Exercise requirements:
Your copy of the entries below should hold exactly the lines from the one containing "(4.23 x 3.01)" to the one containing "Joylive is providing", inclusive, and no pictures.

Collected data entries:
▶

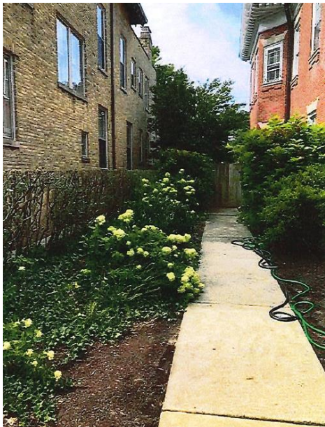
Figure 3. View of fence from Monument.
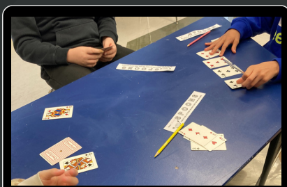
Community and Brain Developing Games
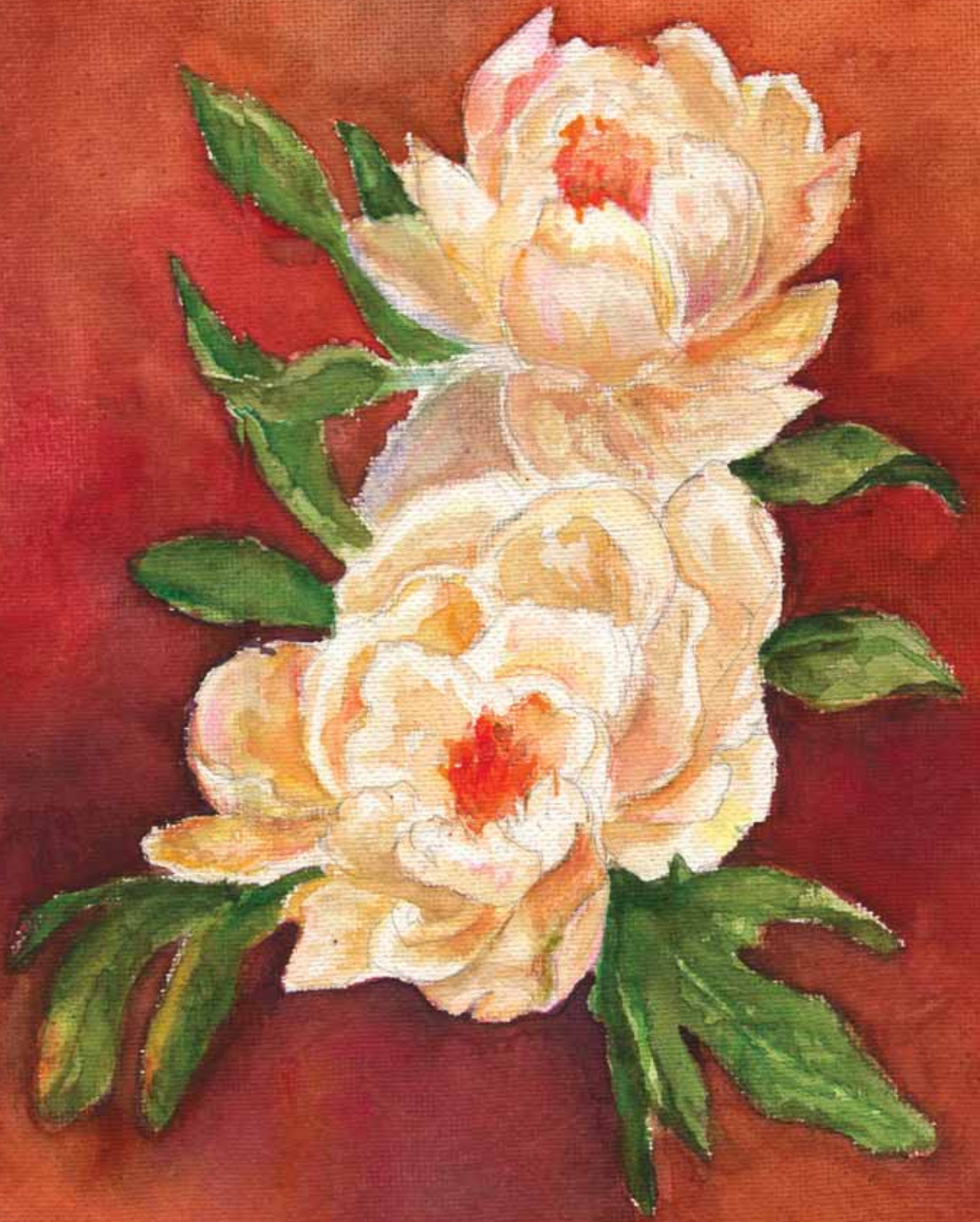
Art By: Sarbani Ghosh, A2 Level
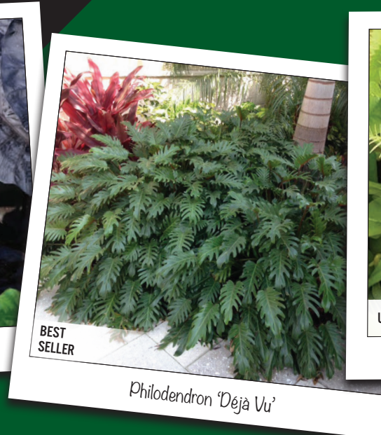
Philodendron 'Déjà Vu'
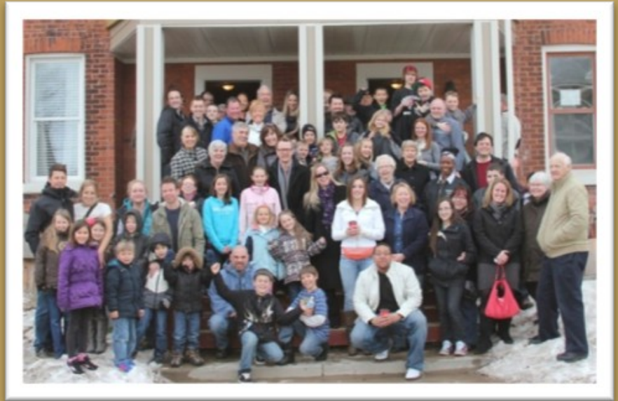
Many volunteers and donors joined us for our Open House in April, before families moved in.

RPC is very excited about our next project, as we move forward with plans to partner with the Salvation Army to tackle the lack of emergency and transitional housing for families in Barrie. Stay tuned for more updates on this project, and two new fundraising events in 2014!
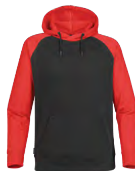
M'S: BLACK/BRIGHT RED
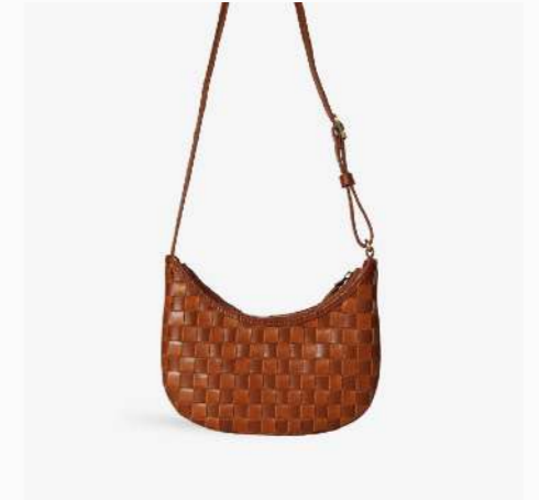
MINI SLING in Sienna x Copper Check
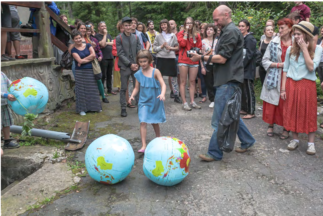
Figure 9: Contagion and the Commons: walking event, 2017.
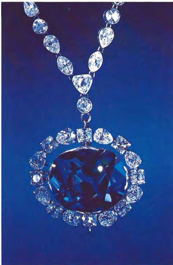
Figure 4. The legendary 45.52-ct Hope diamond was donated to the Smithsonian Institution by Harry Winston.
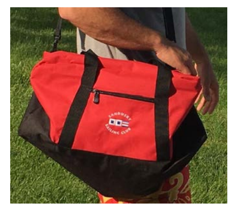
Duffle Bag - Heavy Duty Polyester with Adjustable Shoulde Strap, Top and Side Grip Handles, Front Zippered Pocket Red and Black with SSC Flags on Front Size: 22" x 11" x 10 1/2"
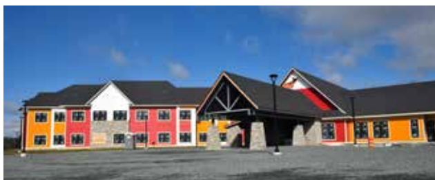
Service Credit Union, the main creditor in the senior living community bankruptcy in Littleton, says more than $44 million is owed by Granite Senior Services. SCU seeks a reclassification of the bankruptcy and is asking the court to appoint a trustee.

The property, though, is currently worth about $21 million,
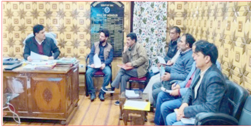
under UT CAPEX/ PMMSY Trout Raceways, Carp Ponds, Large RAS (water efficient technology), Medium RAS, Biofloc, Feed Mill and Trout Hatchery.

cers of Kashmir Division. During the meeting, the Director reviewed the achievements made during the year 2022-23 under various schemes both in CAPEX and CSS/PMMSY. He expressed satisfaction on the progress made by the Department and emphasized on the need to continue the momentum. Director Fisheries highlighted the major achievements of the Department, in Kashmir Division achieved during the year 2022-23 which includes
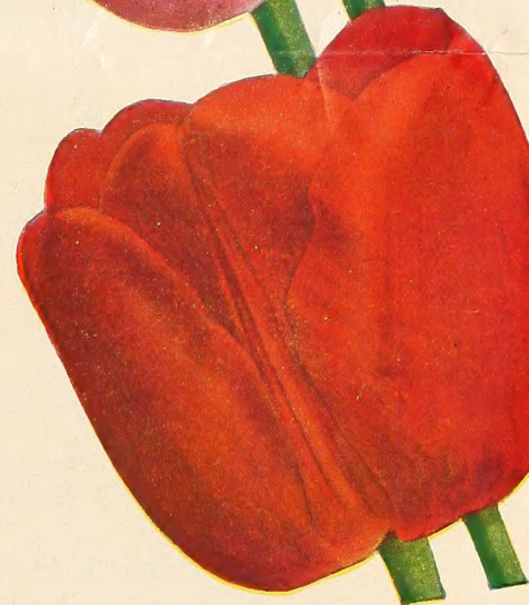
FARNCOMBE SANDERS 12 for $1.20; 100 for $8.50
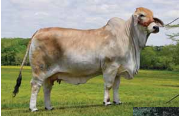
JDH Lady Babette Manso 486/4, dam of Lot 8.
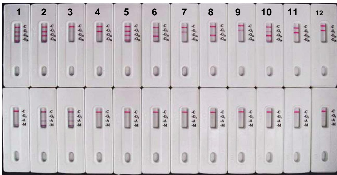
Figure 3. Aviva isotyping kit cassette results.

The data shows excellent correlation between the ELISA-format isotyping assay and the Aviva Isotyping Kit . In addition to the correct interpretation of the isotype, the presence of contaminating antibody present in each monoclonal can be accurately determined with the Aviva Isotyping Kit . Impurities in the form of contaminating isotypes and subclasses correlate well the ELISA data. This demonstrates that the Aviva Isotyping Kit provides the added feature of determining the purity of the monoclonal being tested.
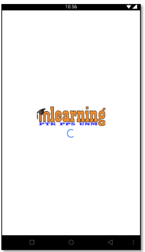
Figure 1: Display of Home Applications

◀
▶

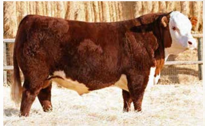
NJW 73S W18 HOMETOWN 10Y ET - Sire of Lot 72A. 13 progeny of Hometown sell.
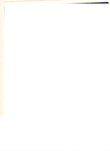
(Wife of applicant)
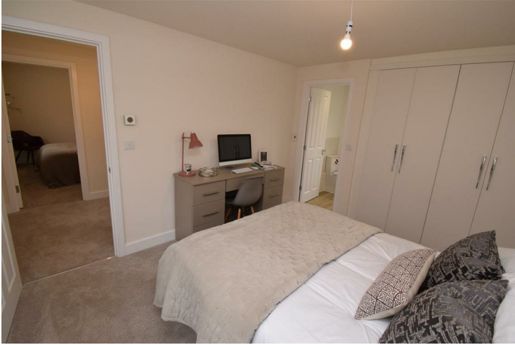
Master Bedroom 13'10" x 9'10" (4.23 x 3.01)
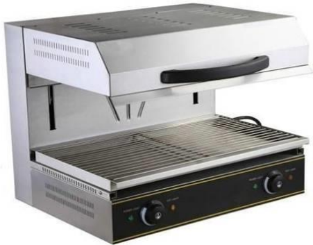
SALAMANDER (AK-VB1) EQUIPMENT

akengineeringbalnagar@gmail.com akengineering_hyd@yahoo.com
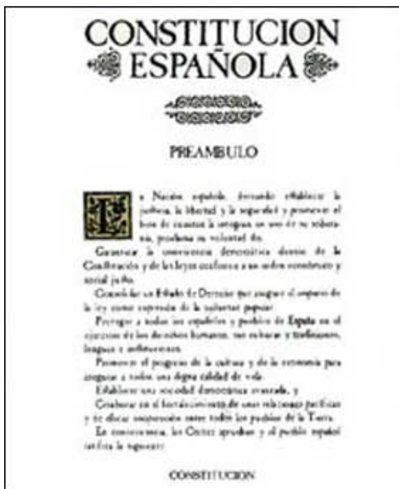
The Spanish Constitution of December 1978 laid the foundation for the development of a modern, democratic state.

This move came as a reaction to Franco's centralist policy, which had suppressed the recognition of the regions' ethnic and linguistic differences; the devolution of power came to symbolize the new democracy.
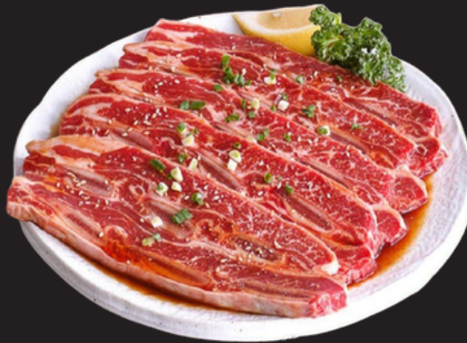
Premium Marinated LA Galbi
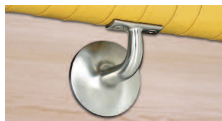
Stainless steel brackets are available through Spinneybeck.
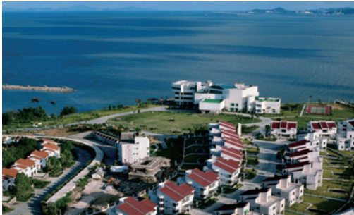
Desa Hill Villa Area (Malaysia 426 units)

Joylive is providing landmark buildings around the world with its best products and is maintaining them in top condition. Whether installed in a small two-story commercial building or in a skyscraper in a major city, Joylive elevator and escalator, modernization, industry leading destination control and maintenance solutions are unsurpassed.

◀

Solution for this problem:
Master Bedroom 13'10" x 9'10" (4.23 x 3.01)
SALAMANDER (AK-VB1) EQUIPMENT

akengineeringbalnagar@gmail.com akengineering_hyd@yahoo.com
The Spanish Constitution of December 1978 laid the foundation for the development of a modern, democratic state.

This move came as a reaction to Franco's centralist policy, which had suppressed the recognition of the regions' ethnic and linguistic differences; the devolution of power came to symbolize the new democracy.
Premium Marinated LA Galbi
Stainless steel brackets are available through Spinneybeck.
Desa Hill Villa Area (Malaysia 426 units)

Joylive is providing landmark buildings around the world with its best products and is maintaining them in top condition. Whether installed in a small two-story commercial building or in a skyscraper in a major city, Joylive elevator and escalator, modernization, industry leading destination control and maintenance solutions are unsurpassed.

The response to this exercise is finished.